Please wrap this conditional into a method call so that we don't have to parse what's going on. A method name like read_content would work better here instead.

@mattr- mattr- commented on an outdated diff Aug 24, 2013
lib/jekyll/tags/include.rb
@@ -62,7 +62,11 @@ def render(context)
Dir.chdir(includes_dir) do
choices = Dir['**/*'].reject { |x| File.symlink?(x) }
if choices.include?(@file)
- source = File.read(@file)
+ source = if RUBY_VERSION < "1.9"
@mattr-
mattr- Aug 24, 2013 Member

Similar to the comment above, I think this should go into its own method as well.

@shigeya
Contributor
shigeya commented Aug 24, 2013

@mattr- I added a commit. Is this the style what you like to see?

@mattr-
Member
mattr- commented Aug 25, 2013

Yes, that's a good start. There's a couple of other places that could use some method extraction as well. 😃

@shigeya
Contributor
shigeya commented Aug 25, 2013

I don't understand how far you want to make these descriptive compare to other codes. I see line in initializer of site.rb can be described in other way, but I think it's enough minimal and descriptive.

Of course It's possible to do that way one by one. Can you provide guidelines or conditions on judging such? Then, you don't necessary to comment every commit this way and easier.

@mattr-
Member
mattr- commented Aug 25, 2013

The conditionals around the RUBY_VERSION checks need their own methods,
IMO. Once that's done, then I think it's good to merge.

On Sat, Aug 24, 2013 at 10:54 PM, Shigeya Suzuki
notifications@github.comwrote:

I don't understand how far you want to make these descriptive compare to
other codes. I see line in initialized of site.rb can be described in
other way, but I think it's enough minimal and descriptive.

Of course It's possible to do that way one by one. Can you provide
guidelines or conditions on judging such? Then, you don't necessary to
comment every commit this way and easier.
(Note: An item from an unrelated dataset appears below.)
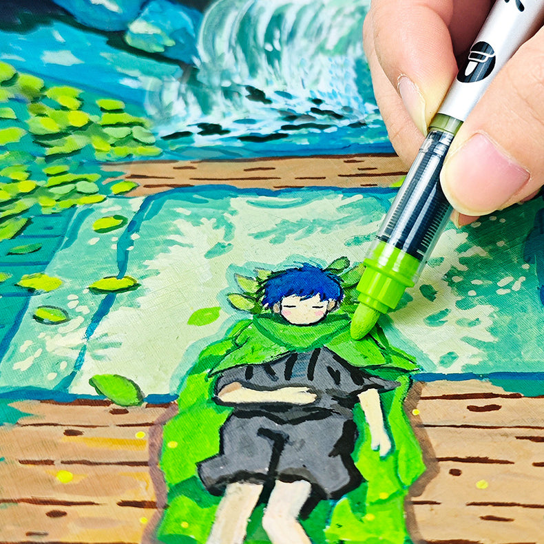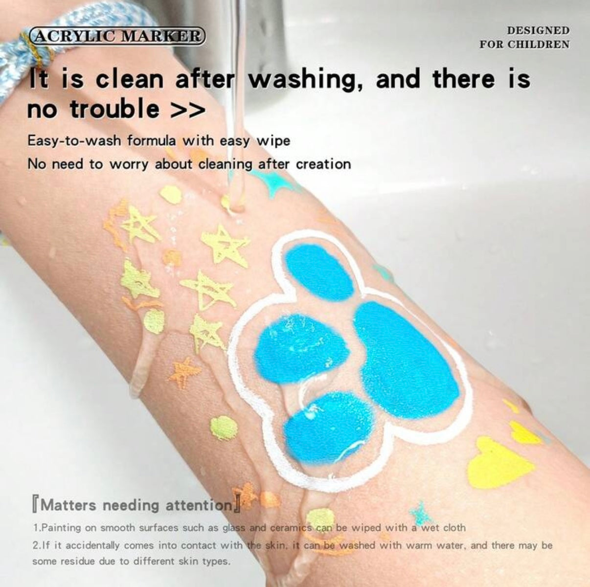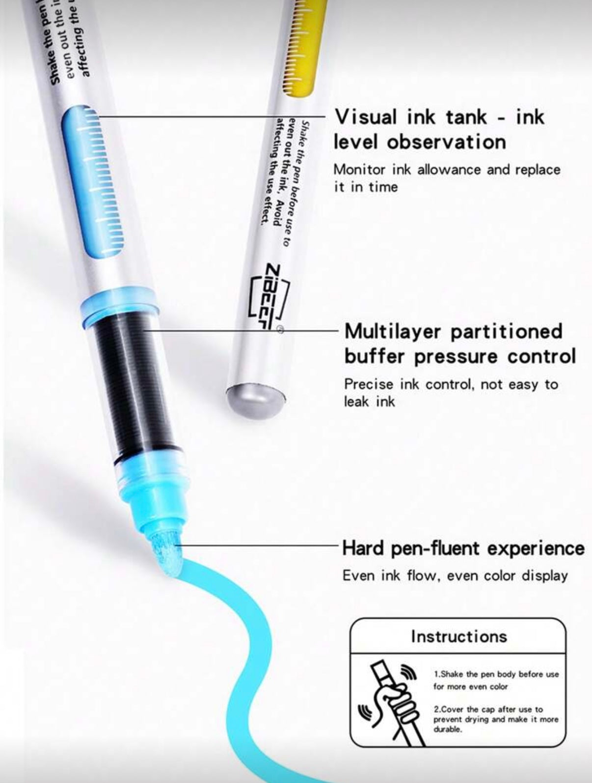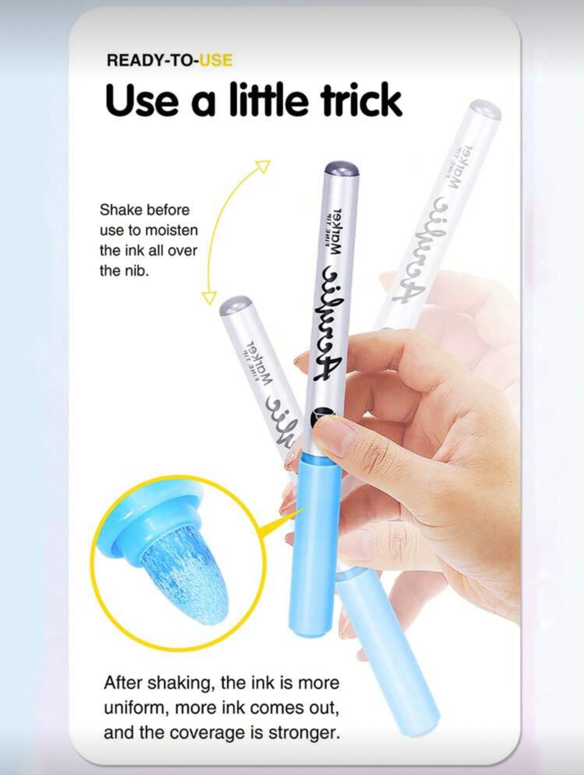Fixy mají tvrdý jemný hrot, vodou ředitelný akrylový inkoust a rovnoměrné krytí bez šmouh. Nepropíjejí papír, rychle schnou a dobře sedí v ruce – skvělé pro začátečníky i zkušené tvůrce.

Reply to this email directly or view it on GitHubhttps://github.com/mojombo/jekyll/pull/1449#issuecomment-23221459
.

@shigeya
Contributor
shigeya commented Aug 25, 2013

Introduced File.read_with_options instead of patching File.read. How about this?

@mattr-
Member
mattr- commented Aug 27, 2013

❤️ it!

@shigeya
Contributor
shigeya commented Aug 28, 2013

Good. then, how about this performance fix? It's marginally faster.

https://gist.github.com/shigeya/6362099

I haven't committed/push this yet.

@mattn
mattn commented Aug 28, 2013

Good Job

@mattr-
Member
mattr- commented Aug 28, 2013

@shigeya That also works. 😃

@shigeya
Contributor
shigeya commented Aug 28, 2013

@mattr- Ok, thanks. merged that change, and rebased on top of current master.

@shigeya
Contributor
shigeya commented Aug 28, 2013

Test passed on this branch. (I have tested on master and it's still failing on the encoding). Travis should say OK too.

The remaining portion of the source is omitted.